In that moment of realization, her heart shut down and with it her mind. She could answer no more questions, could only hug her arms tightly around her middle. But even the soft cotton of the plaid man’s shirt she wore reminded her of Myles, of the look of pride on his face when he emerged from the secondhand store with her new wardrobe. Of the way he teasingly tossed her the baseball cap still on her head.
Her stomach ached, and for a moment she thought she would be sick right there on the cold tile floor of the police station, with five officers surrounding her. Head spinning, she excused herself and rushed toward the door marked Women.

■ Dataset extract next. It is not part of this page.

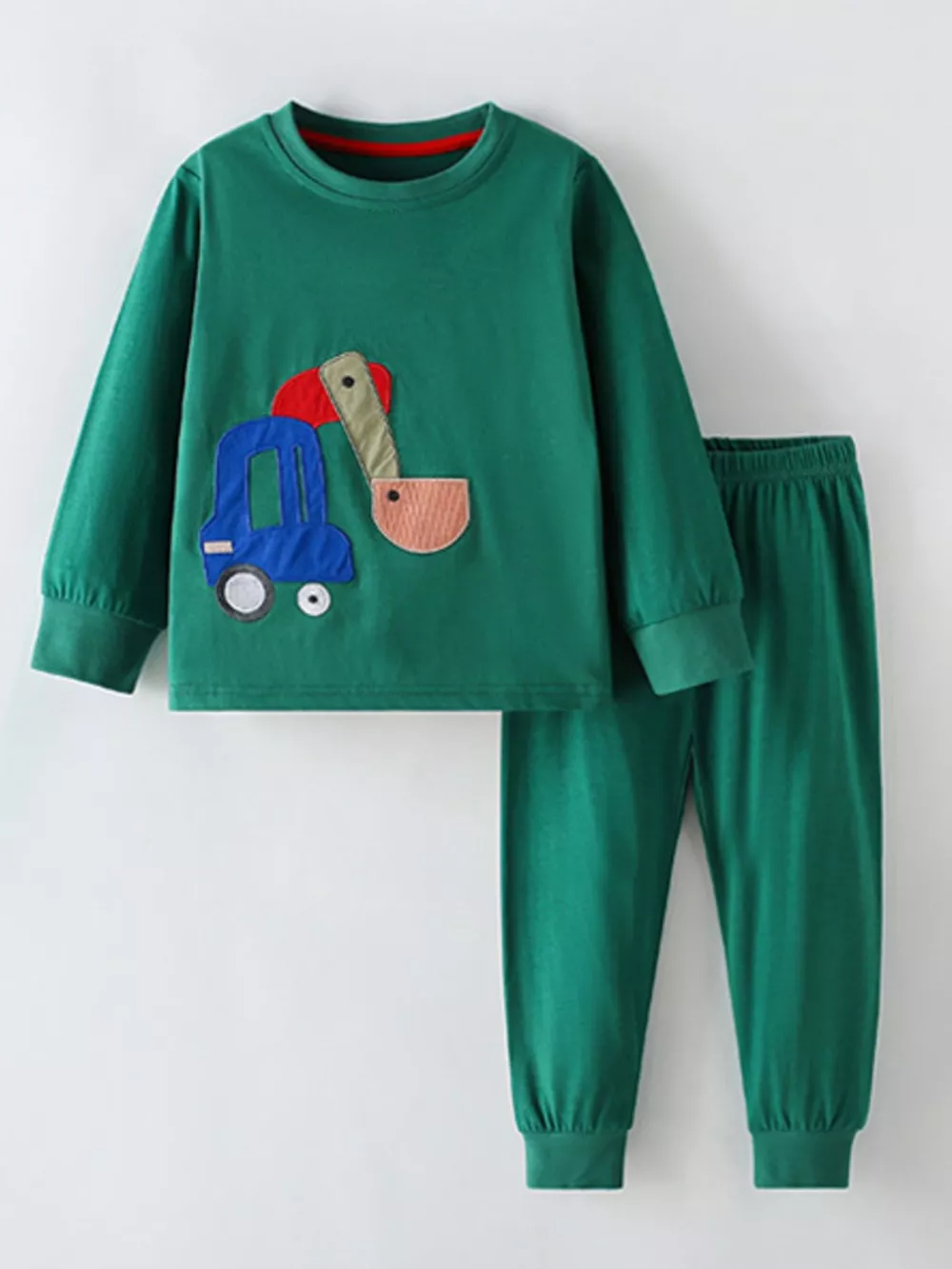 Children's Excavator Applique Long Sleeve Top and Pants Set

Inside the first stall she leaned her forehead against the cool, green metal of the partition, closed her eyes and took several long breaths.
“This isn’t happening. This can’t be happening,” she chanted. “Myles isn’t crazy. He didn’t just tell me that my grandpa tried to have me killed. He didn’t just let me run off alone. It’s a dream. This is all just a terrible, terrible dream.” As if speaking aloud would somehow make it true, she repeated the last sentence over and over.
It wasn’t until she recognized that her shoulders were shaking violently that she realized that tears streamed down her face and sobs interrupted her breathing.
“Oh, God, I can’t make any sense out of any of this! Why is this happening to me?” she wailed, anger, frustration and pain erupting from deep in her chest.